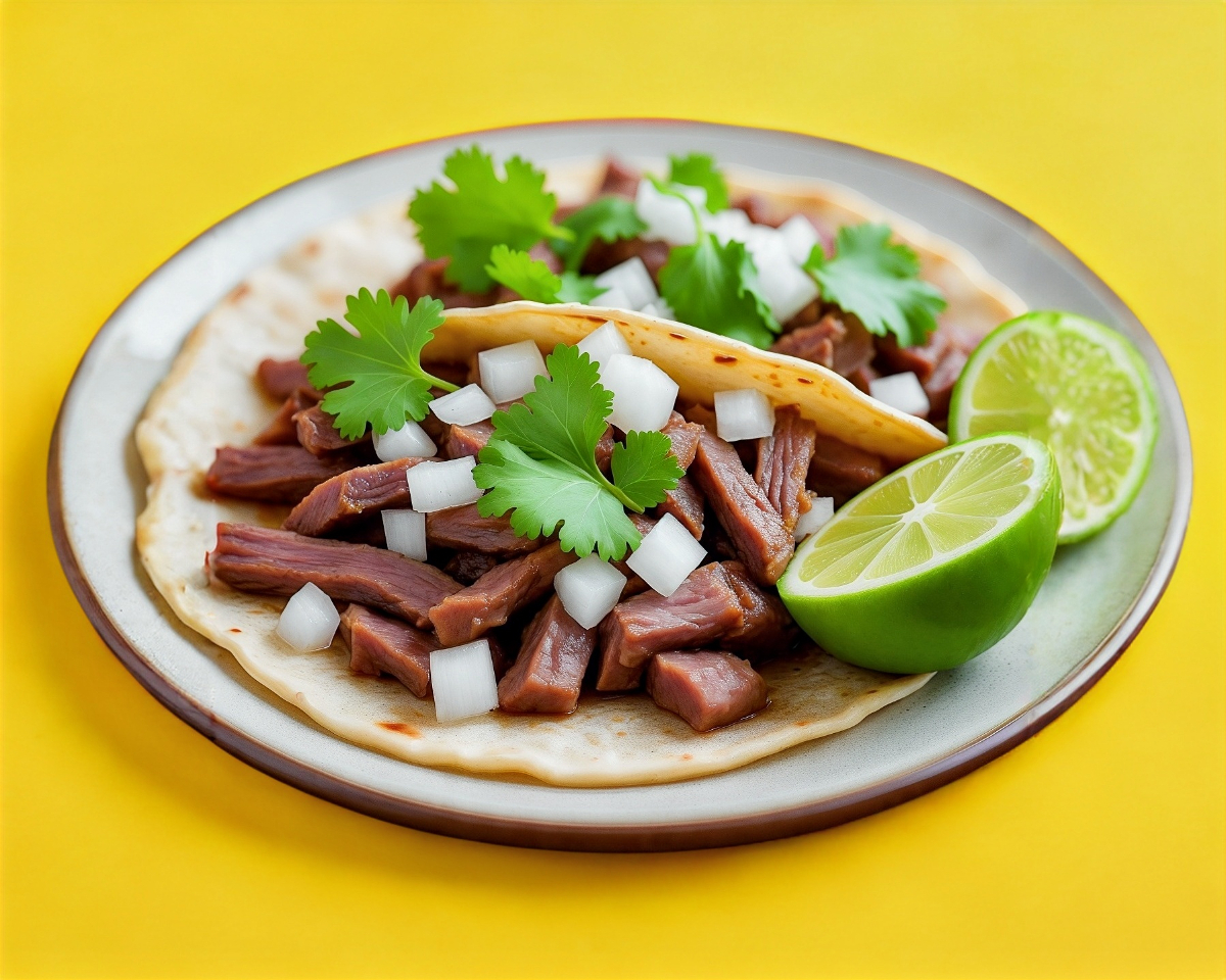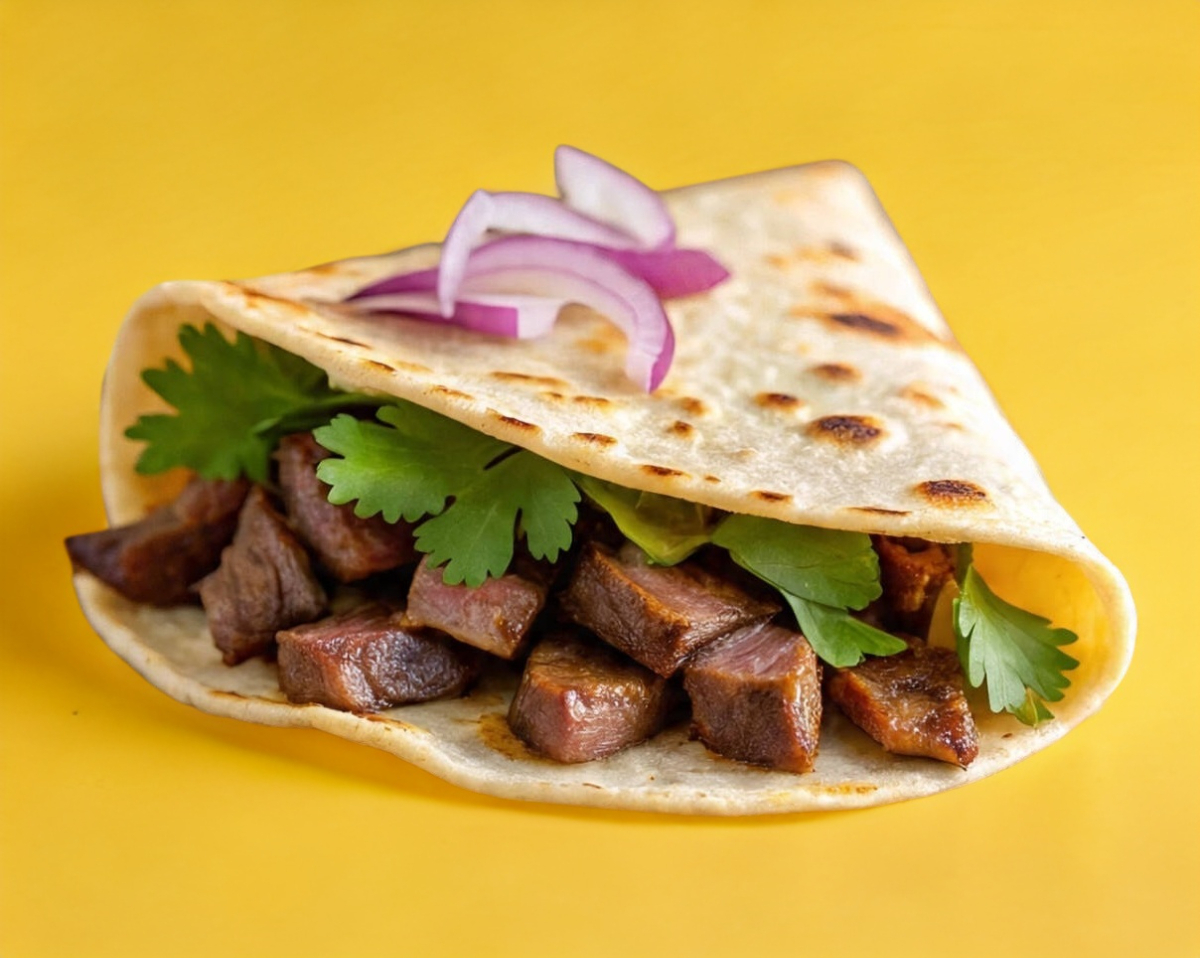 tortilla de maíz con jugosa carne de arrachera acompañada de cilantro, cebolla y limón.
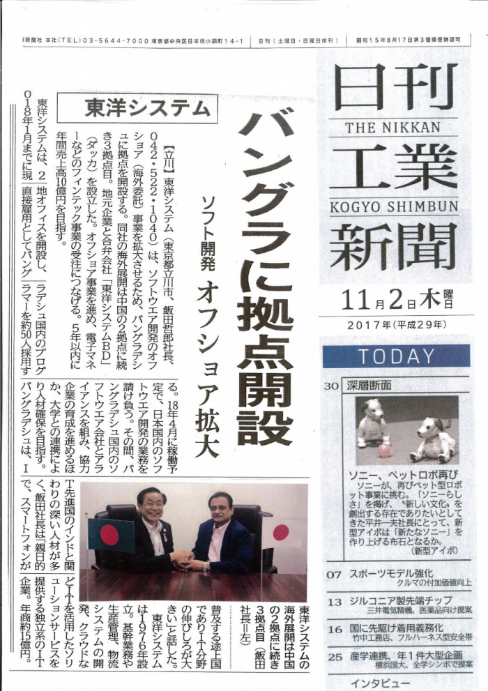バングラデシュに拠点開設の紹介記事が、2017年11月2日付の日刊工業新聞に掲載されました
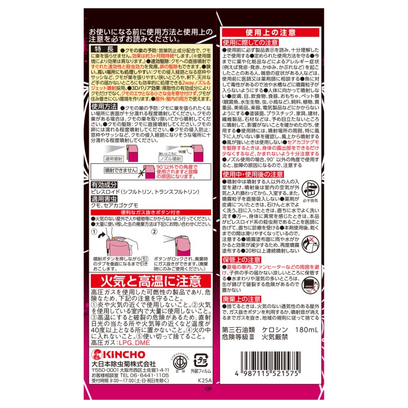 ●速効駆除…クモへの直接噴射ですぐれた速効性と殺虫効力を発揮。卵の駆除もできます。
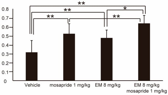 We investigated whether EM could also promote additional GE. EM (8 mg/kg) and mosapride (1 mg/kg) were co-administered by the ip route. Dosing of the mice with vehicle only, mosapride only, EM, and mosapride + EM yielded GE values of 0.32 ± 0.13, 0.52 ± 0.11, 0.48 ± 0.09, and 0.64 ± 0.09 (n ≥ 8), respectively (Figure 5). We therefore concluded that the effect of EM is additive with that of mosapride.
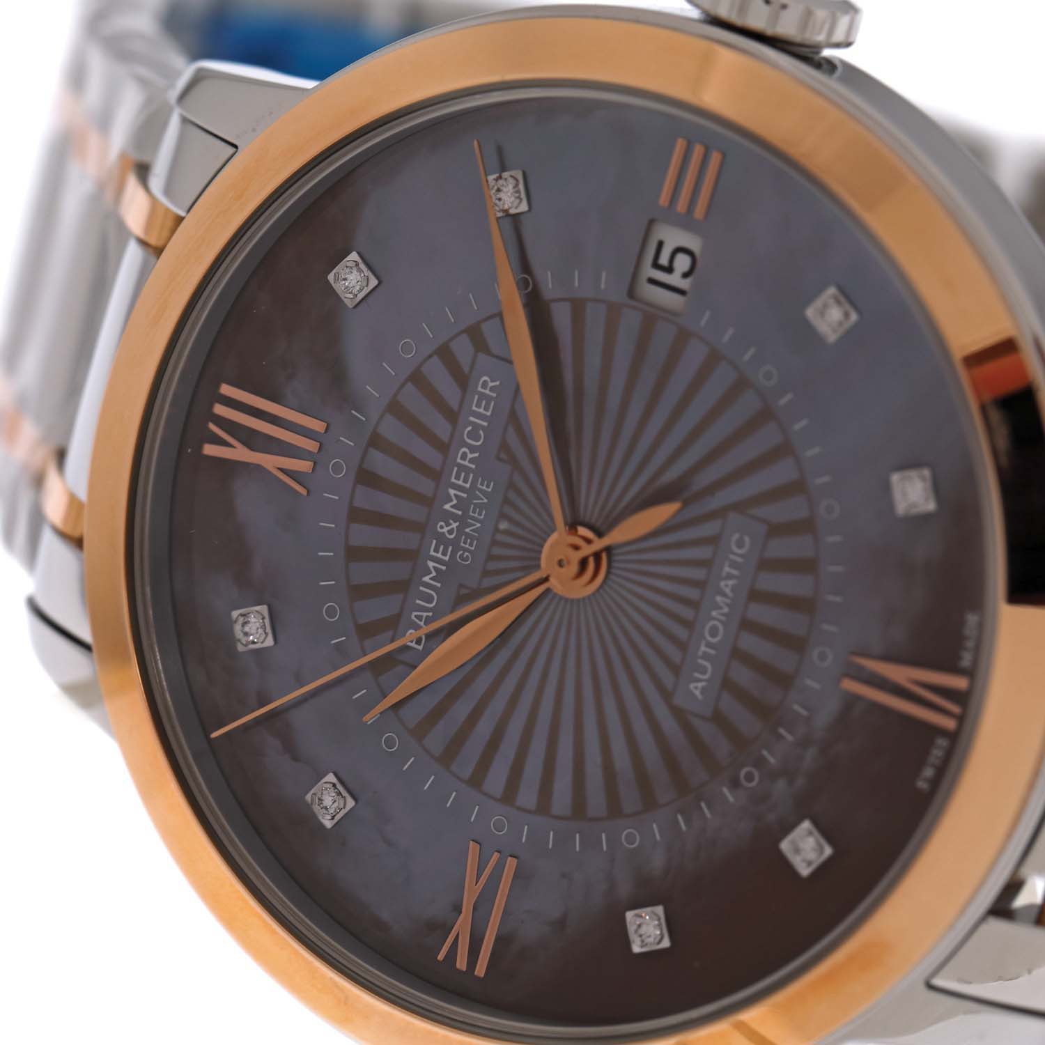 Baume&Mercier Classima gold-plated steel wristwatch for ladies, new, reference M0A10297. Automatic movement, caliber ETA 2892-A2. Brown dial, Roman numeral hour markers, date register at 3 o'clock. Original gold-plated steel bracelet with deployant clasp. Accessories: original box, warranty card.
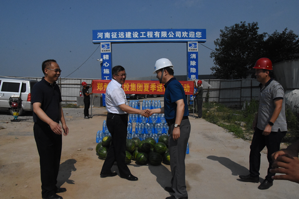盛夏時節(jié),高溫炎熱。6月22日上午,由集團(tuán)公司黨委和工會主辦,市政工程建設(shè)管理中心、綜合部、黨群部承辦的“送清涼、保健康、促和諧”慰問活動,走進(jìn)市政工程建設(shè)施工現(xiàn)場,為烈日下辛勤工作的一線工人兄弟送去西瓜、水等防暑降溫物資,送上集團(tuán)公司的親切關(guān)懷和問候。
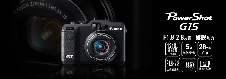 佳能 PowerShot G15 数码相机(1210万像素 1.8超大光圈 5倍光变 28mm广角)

____

Task: Give back the lines word for word, from the very first in the material above to the one that has "We investigated whether", both included, without the pictures.

Exercise solution:
 tortilla de maíz con jugosa carne de arrachera acompañada de cilantro, cebolla y limón.
バングラデシュに拠点開設の紹介記事が、2017年11月2日付の日刊工業新聞に掲載されました
 ●速効駆除…クモへの直接噴射ですぐれた速効性と殺虫効力を発揮。卵の駆除もできます。
 We investigated whether EM could also promote additional GE. EM (8 mg/kg) and mosapride (1 mg/kg) were co-administered by the ip route. Dosing of the mice with vehicle only, mosapride only, EM, and mosapride + EM yielded GE values of 0.32 ± 0.13, 0.52 ± 0.11, 0.48 ± 0.09, and 0.64 ± 0.09 (n ≥ 8), respectively (Figure 5). We therefore concluded that the effect of EM is additive with that of mosapride.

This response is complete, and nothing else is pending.